I loved being a student. Free McDonald’s student fries, cheap clothes, discounts for just about everything; who wouldn’t?! I’ve been forever jealous of English students. It would be life-changing to be a student forever.
Hold up while I change your life.
I wish I’d come up with this myself, but must give credit where credit is due to the boys I met in Andorra. It’s so bad that it’s good. It’s the kind of thing your mum would tell you “I’m not mad, I’m just very disappointed”. That’s when you know you’ve really made it in life.
For the price of a Pret salad, you can become a student. Yes, that’s right. Head over to Wowcher, and check out their courses. You need to find one with a NUS logo, which is the student body you’re after. If anyone’s cat ever needs CPR, I’m enrolled in feline first aid ??
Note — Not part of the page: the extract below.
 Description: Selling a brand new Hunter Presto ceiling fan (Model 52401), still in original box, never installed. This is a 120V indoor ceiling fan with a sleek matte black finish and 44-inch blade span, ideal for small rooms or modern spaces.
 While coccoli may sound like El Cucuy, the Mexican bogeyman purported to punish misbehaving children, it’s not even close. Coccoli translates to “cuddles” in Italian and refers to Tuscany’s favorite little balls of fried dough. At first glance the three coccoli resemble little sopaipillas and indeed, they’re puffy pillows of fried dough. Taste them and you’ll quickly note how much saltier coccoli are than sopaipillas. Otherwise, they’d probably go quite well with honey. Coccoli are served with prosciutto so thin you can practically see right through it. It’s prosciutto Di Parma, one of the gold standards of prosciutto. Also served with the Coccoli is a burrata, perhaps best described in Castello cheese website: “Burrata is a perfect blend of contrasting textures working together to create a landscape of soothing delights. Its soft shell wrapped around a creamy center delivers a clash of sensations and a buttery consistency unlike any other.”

Next, and this is the vital bit: get onto the NUS site and sign up for your card. I thought by buying the Wowcher course, it came automatically, and waited for weeks until the guys told me that this is the vital step. You even get to pick your photo. It’s fine to have sunnies on in an ID photo right?
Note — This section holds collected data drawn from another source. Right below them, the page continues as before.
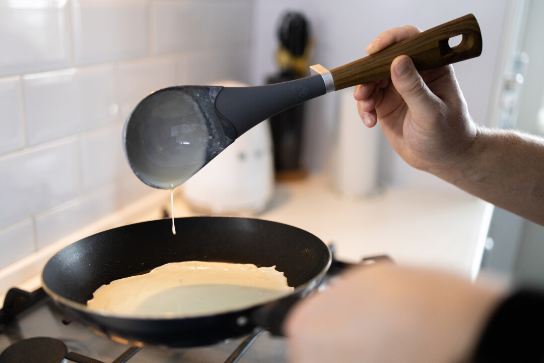 - Разогретую на среднем огне сковороду обмазать масляной луковицей для того, чтобы появился сладковатый аромат как из печки. Вылить половину половника теста от центра к краю, слегка поворачивая сковороду. Дать поджариться одной стороне, после того как края блина зарумянились, можно переворачивать и румянить вторую сторону.
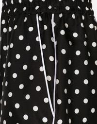 The FW24/25 Mambo Collection is rewriting the rules of Italian elegance, merging the sophisticated style of the 1940s and 1950s with the iconography of American pin-ups. The unmistakable polka-dot motif takes center stage, coming in a variety of shapes and sizes and adorning tulle, charmeuse, twill, silk and poplin, giving life to looks distinguished by black and white accessories and details. An homage to the beauty of Italy and its traditions, the distinctive details of Dolce&Gabbana’s creations. Silk twill pajama shorts with polka-dot print: • Black and White • Stretch Dolce high waist • Slant front pockets • Inner leg: 15 cm • Hem: 36 cm • The model is 175 cm tall and wears a size IT 40 • Made in Italy The difference in the print placement that you may find on this product is a feature of Dolce&Gabbana’s “Handmade” pieces. A detail that makes every garment or accessory unique and exclusive. External composition: 100% Silk
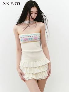 レースホルターネックパッチワーク美しいバックベストチューブトップ女性のための夏の新しいアメリカンスリムフィットデザイントップアウターウェア女性のための
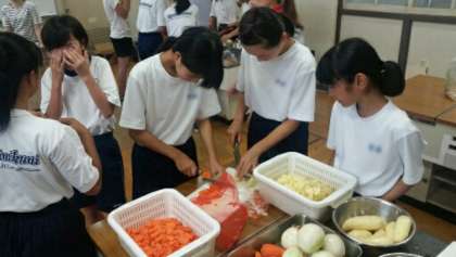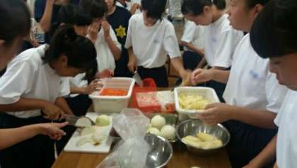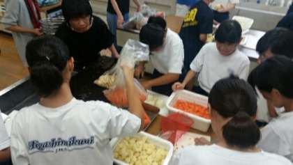 ジュニアリーダー達が新東三国小学校での校庭キャンプのお手伝いをしています。カレーづくりの準備です。

Then sit by the letterbox creeping until the mailman drops it like it’s hot. While you’re killing time, you can head to NUS to check out your discounts: pizza at everywhere, clothes online and in store, as well and gym memberships and cheap entrances to theme parks. It comes in handy in Europe too, I got into a museum for kids prices in Berlin just for flashing this bad boy.
I wish I’d known about this sooner, but I’m determined to make my money back at least. So far I’ve saved £8.45 – somebody stop me!
Get yourself onto this pronto. You can thank me later as you student forever. I’m not even sure if it’s legal, so maybe keep it on the D-low, and whatever you do, don’t tell your mum.